I loved the earlier gadget stuff, but this (slightly) more realistic Bond was really appealing to me. Like the parkour scene (and I didn't know what the hell that meant when I read the white font before, either!) -- I loved that Bond wasn't able to just do it, automatically, but had to compensate by using his head (and sometimes simply brute strength and force of will). The Ford Focus was unforgivable, though.
Die Another Day [...] may have been the first one I ever saw.
Jesus, I feel old.
I have no idea what the first Bond movie I saw was. I'm pretty sure I saw Moonraker when it came out, and I would have been...[does math] 6.
Jesus, I feel even older.
My dad brought Moonraker home on a huge clunky laserdisc back in the early 80s. Though I think Live and Let Die was the first Bond movie I saw, actually. In the theater.My strongest recollection is of the 7-Up guy in witch doctor getup laughing on the cowcatcher of a moving train.
Hey! Your ellipses misrepresent what I said!
If it makes you feel less old, I know we had a bunch of those older ones (like
Moonraker
) on tape at home, so they could have conceivably been my first. But I don't remember watching more than bits and pieces, if at all, before
Goldeneye.
Nuh-uh!
If it makes you feel less old, I know we had a bunch of those older ones (like Moonraker ) on tape at home
Aaa!
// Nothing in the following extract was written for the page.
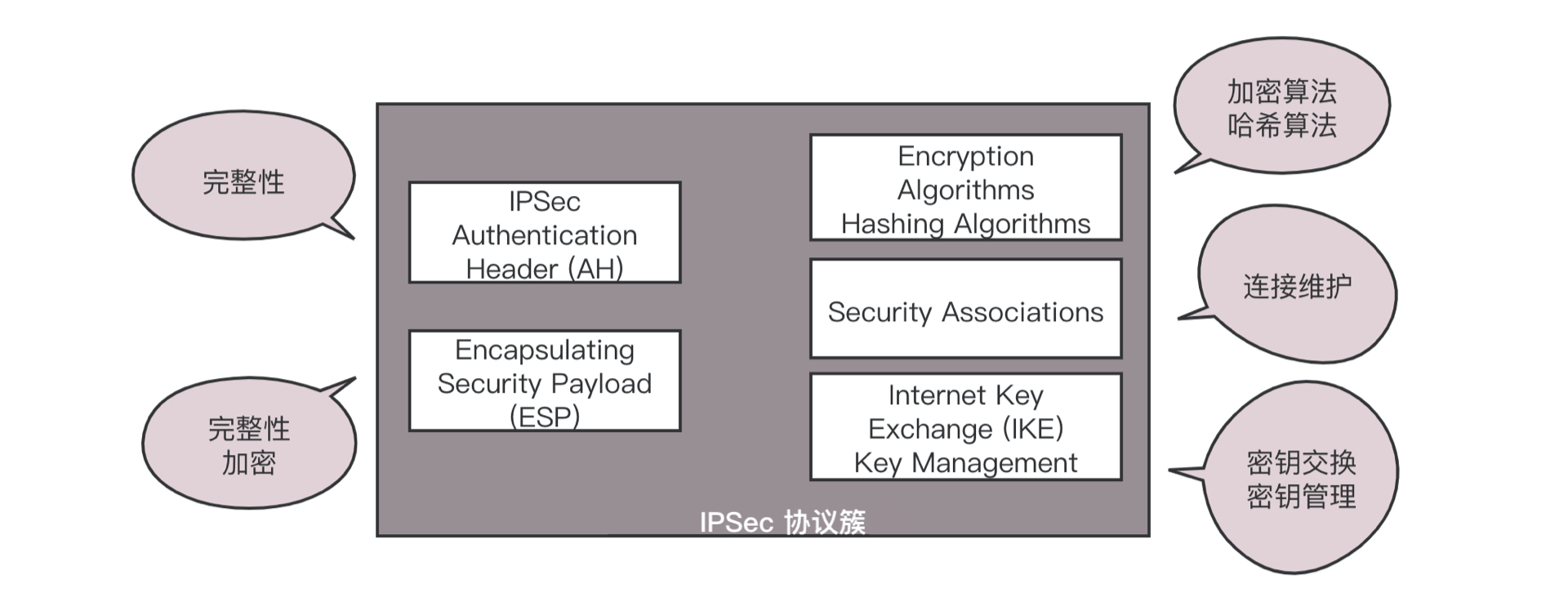 基于以上三个特性,组成了IPsec VPN的协议簇。这个协议簇内容比较丰富。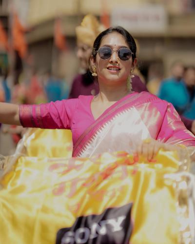 कोल्हापूरला गुढीपाडव्यानिमित्त जी शोभायात्रा निघाली होती त्यात प्रियदर्शनी इंदलकरने ढोलवादन केलेलं दिसलं (priyadarshini indalkar)

That is the opposite of helping!
Daniel Craig on Charlie Rose. (There are a few spoilers for the movie.)
Not only is he a smokin' pile of hottitude, he seems to have a functioning brain in his head. Hot, articulate and confident. A lethal combination indeed.
Not only is he a smokin' pile of hottitude, he seems to have a functioning brain in his head. Hot, articulate and confident. A lethal combination indeed.
Deadly.
I don't know the first Bond I saw. I've never, to the best of my knowledge, seen one in the theatre. (My parents only ever went to see SciFi movies, and theatres are a habit I didn't really get into until about a decade ago.)
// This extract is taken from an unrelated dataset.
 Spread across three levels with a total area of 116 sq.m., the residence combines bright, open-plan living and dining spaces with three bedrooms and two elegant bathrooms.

I know it was Moore, though.
The one I remember most clearly, possibly because I also owned the book, was Goldfinger.
I've seen every Bond movie in the theatre since I was about...10, I guess. It's a thing. I don't even question it--in fact, I pause whenever someone points out it's not automatic for them.
I've seen all the older ones more than once, and also read all the books--though that was way long ago. Maybe I should give that a shot again. Not like I have anything else to do.
I cannot get over how great I thought the parkour scene was. Just so educational about the character, and so few action scenes bother to shoot for more than shock or tittilation.
Mads Mikkelsen makes me laugh, because I'd only heard of him from fangirls getting me to put his picture up. He's just so not at all attractive in the movie.